* **To do**
List, from the lines below, each one with "Andreas" in it.

* **Records for processing**
· · · · ·

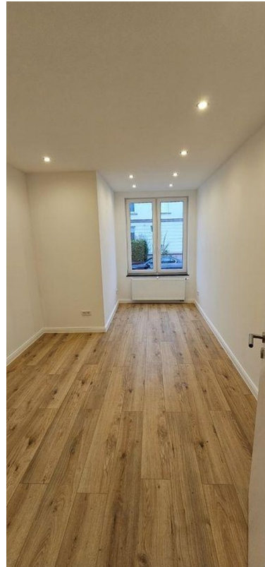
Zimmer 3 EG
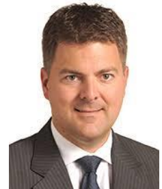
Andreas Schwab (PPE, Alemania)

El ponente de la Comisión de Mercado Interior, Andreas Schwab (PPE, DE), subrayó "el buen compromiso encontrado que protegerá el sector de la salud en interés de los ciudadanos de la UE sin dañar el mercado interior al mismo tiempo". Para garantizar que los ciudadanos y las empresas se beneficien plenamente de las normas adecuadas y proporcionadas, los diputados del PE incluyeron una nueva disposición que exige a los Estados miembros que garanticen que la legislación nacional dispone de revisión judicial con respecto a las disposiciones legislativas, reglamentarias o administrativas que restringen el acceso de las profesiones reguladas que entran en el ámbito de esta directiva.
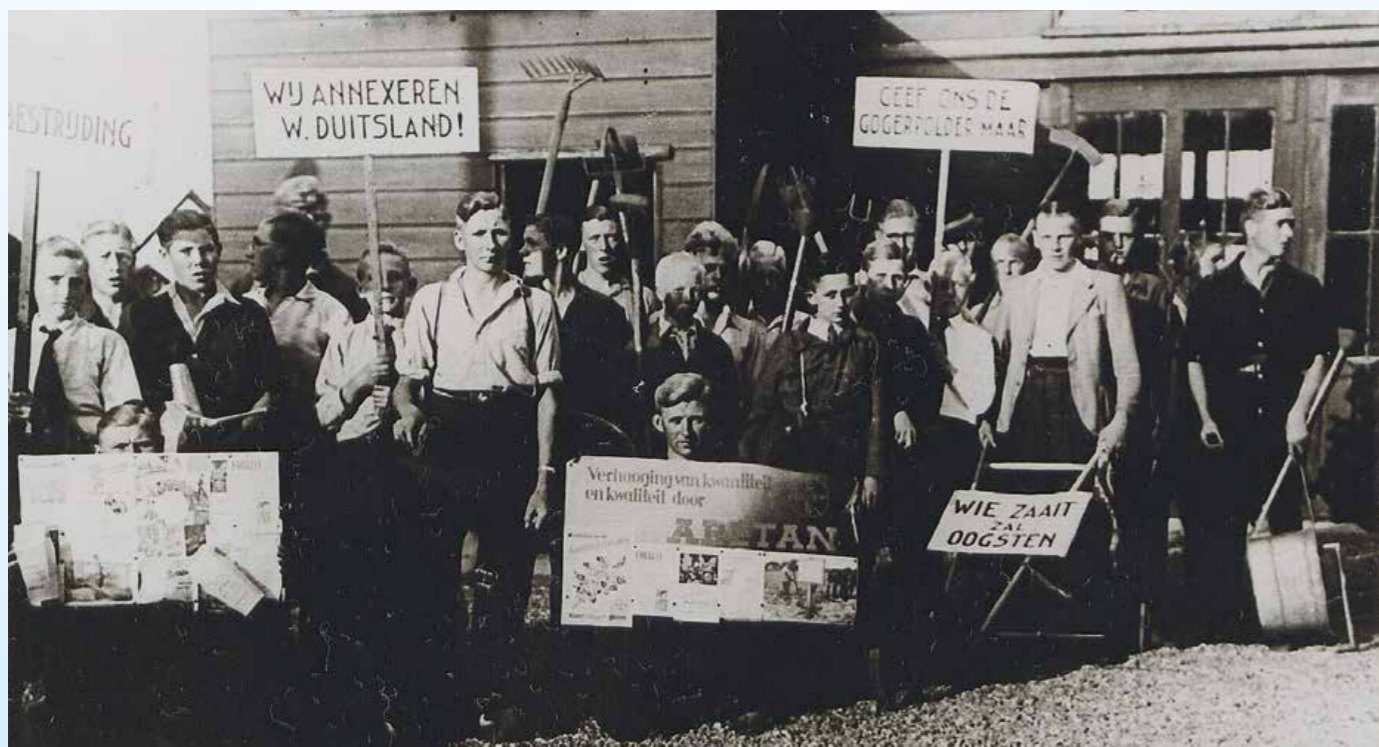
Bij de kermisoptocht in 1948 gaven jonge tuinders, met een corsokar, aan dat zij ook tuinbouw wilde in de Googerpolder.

· · · · ·

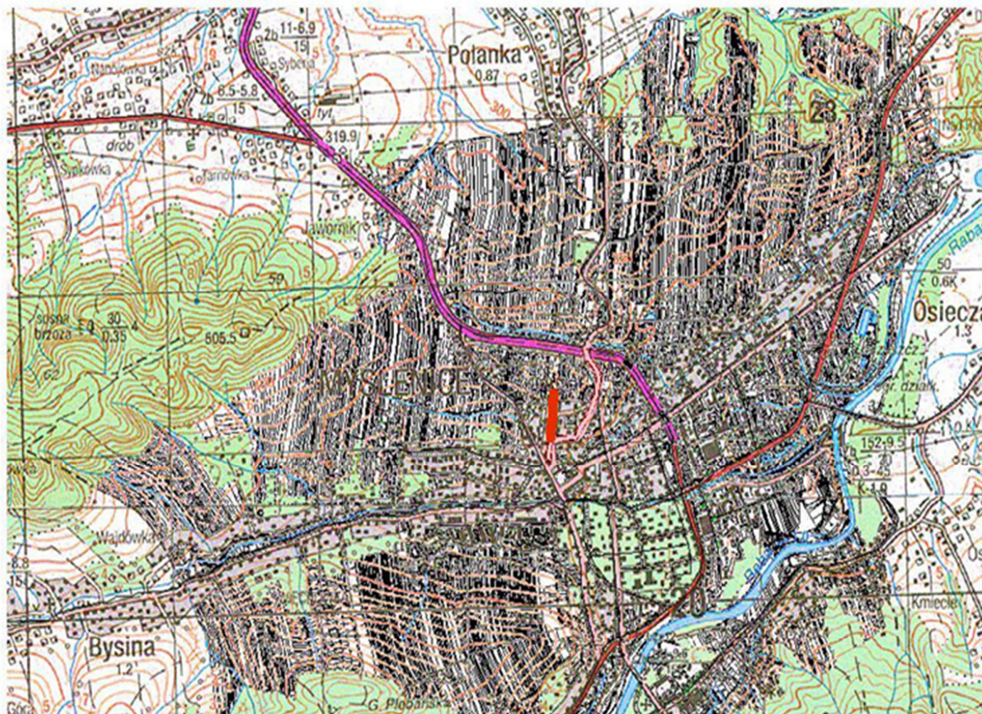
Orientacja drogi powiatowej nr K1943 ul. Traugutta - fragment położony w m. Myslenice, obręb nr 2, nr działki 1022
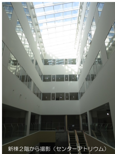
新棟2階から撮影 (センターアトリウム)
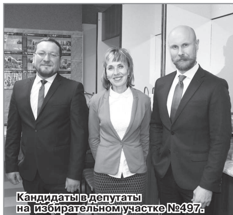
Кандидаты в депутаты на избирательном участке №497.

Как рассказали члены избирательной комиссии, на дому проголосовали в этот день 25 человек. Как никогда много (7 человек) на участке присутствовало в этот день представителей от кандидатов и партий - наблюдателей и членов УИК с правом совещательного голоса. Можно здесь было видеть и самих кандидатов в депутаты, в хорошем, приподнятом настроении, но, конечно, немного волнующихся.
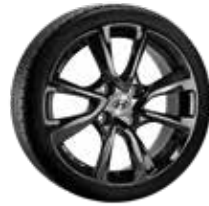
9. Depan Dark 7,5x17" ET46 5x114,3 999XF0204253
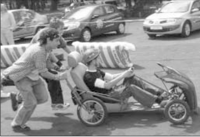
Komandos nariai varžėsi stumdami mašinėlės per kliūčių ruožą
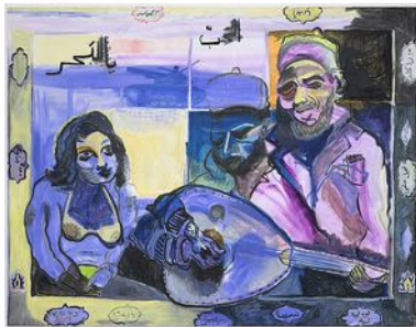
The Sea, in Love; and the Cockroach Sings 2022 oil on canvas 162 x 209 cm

· · · · ·

* **Response to this exercise**
Andreas Schwab (PPE, Alemania)
El ponente de la Comisión de Mercado Interior, Andreas Schwab (PPE, DE), subrayó "el buen compromiso encontrado que protegerá el sector de la salud en interés de los ciudadanos de la UE sin dañar el mercado interior al mismo tiempo". Para garantizar que los ciudadanos y las empresas se beneficien plenamente de las normas adecuadas y proporcionadas, los diputados del PE incluyeron una nueva disposición que exige a los Estados miembros que garanticen que la legislación nacional dispone de revisión judicial con respecto a las disposiciones legislativas, reglamentarias o administrativas que restringen el acceso de las profesiones reguladas que entran en el ámbito de esta directiva.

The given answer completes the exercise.